I’m not saying that you cannot be successful in selling PLM or any other initiative without a cause. I’m saying it will be a whole lot easier if there is a just cause to link your initiative to. Does this mean you do not need to identify the ROI? Sure you still need to do this, but there is a way to do this using a structural approach.
Identifying and quantifying benefits
Based on requirements and the link to the just cause define your list of required capabilities in terms of People, Process, Data and Tools. Not just one big capability, but small incremental achievable steps towards a vision that is linked to the purpose of the company.
Then identify the potential benefits using a value driver tree. A value driver tree is unique to a company as it starts with the just cause and values of a company as the value drivers and branches via opportunities and strategies to business initiatives that can be measured e.g. ‘Increase product modularity’ or ‘Improve Early Discovery of Design Conflicts’.
Each capability is assessed against the value driver tree to identify the business initiatives/improvements it can be linked to. When these potential benefits are identified you organise interview sessions with relevant stakeholders to verify if the potential benefits are recognised and if you can translate it into value. This value needs to be described not only in money but also in qualitative benefits like employee satisfaction.

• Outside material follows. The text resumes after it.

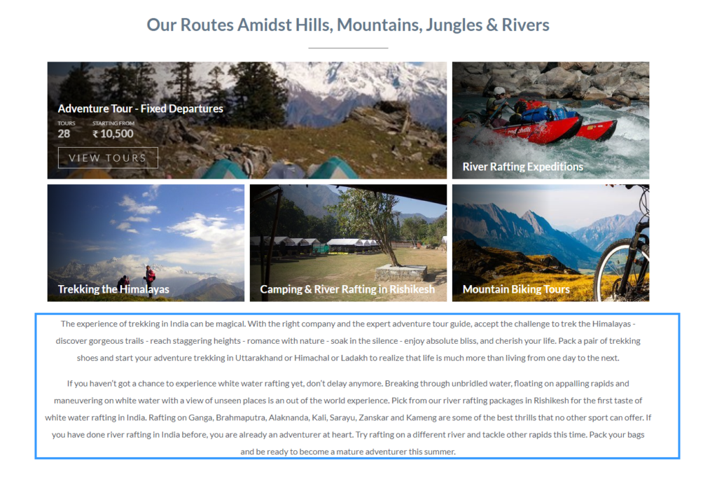 Each category page introduces tours and activities with a banner image and headline (see image above). This is followed by a brief introductory text section. This isn’t your only chance at building your SEO. After the tours listed on the category page, you have the chance to add as many sections of content as you like. One can talk about safety during the tours here, getting the real feel of the location or having a variety to choose from. The type of content and SEO strategy is very flexible.

With this information you can define a roadmap of capabilities based on functional/technical dependencies and on business priorities and value the capability will provide.
Now you have input that can help sell any capability or have insight to discard it when there is no business case to make. Which allows you to focus on the things that help to move towards the cause of the company.
Showing proof of value
I do agree with Oleg Shilovitsky that you need to show the value as soon as you can, nowadays with cloud solutions this can be easily achieved as some vendors offer this. When this is not possible you could opt for a proof of concept type approach to validate the chosen solution or compare multiple solutions.
Oleg also compares the PLM Myth to communism in PLM Myths and Business Reality:
“PLM Myths packaging reminded me of communism – a theory that packaged a very inefficient economic organization as a bright future for all people. The Soviet Union is the best example – the country that supposed to demonstrate the business case or centralized planning but failed miserably. PLM sold as a myth will fast become PLM communism.”
This comparison is one I can’t make, as communism is not a just cause hence does not qualify in this context. Though I do agree that the vision for the initiative should not be based on a fake or finite cause or be based on selling PLM, but on selling a business initiative that contributes towards the just cause of the company.
It is not just about the ROI or the business case in terms of money, it is not only about a vision, a story to sell the initiative and it is not only about showing the value. The ROI of doing the right thing is a combination of the vision and story linked to a just cause, the business case in both qualitative and quantitative cost and benefits for each capability and about showing proof of the value.